Acknowledging that the survey indicates a great effect on families, Harold Ezell, Western regional commissioner of the Immigration and Naturalization Service, said he would relay the information to U.S. Commissioner Alan Nelson for review. It was Nelson who challenged the religious leaders at a meeting in Los Angeles last summer to document whether a serious problem existed, members of the group said.
In exchange for Ezell’s cooperation, the religious leaders pledged their cooperation in encouraging their parishioners to apply for the program. The joint press conference was termed “historical” by participants, who noted that the officials and the religious leaders have often been at odds over the law and its implementation.
Ezell conceded that the issue “needs a little more clarification,” but cautioned that Congress’ intent in enacting the law “was never to legalize every alien” in the country. Under the landmark immigration law, illegal aliens who have lived in this country before January, 1982, are eligible for amnesty.
“Morally, we cannot stand by and see families broken up and destroyed because of the fear of deportation,” said Father William Jansen, a leader in the South-Central Organizing Committee, one of three church-based sister organizations in Los Angeles that conducted the survey of 14 parishes. Questionnaires were distributed at Masses during the last four months.

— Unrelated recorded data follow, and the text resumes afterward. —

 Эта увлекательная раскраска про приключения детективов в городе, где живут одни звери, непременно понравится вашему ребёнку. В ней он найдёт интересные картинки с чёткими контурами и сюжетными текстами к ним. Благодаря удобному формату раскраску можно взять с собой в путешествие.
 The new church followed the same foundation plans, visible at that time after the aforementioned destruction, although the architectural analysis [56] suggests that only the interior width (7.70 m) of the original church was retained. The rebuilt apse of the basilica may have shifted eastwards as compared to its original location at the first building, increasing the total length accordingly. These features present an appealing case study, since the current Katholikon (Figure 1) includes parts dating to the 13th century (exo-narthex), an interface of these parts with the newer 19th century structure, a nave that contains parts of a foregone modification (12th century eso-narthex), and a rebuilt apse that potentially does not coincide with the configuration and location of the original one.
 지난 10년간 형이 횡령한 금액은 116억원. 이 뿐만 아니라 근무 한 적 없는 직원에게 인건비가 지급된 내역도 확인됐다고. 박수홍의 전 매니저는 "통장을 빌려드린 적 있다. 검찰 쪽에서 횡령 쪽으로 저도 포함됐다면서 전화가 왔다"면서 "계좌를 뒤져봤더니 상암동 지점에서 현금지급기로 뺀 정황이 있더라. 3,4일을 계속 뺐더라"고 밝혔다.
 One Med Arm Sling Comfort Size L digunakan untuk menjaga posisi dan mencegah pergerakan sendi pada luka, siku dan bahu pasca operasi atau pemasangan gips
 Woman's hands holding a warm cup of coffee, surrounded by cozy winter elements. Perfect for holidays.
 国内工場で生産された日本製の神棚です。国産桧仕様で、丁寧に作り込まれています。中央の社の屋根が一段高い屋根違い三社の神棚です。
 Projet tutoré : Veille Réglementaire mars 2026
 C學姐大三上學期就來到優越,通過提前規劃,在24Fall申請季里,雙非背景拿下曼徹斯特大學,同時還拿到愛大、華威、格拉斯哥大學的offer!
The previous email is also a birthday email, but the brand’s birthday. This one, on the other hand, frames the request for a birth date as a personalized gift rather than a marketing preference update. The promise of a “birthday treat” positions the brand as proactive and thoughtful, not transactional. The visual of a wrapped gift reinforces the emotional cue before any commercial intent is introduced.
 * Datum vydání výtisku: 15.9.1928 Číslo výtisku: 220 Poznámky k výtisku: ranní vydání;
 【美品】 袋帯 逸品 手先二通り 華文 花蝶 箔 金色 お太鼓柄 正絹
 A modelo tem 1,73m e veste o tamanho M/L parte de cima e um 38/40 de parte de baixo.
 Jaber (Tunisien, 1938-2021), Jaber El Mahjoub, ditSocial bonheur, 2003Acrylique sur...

Family members, including spouses and children, must qualify individually. In one concession, the INS in October announced a change in policy allowing the children of eligible parents to remain in the country.
Los Angeles INS District Director Ernest Gustafson said that “there has not been a single individual who has filed who has had a non-qualifying family member removed from the country.” Even in those cases where a non-qualifying family member has been apprehended, outside the amnesty process, and ordered deported, officials have used their administrative discretion to allow the person to remain in the country.
Moreover, Gustafson said that the INS will “continue to extend the time (that such people may remain) until Congress deals with the problem.”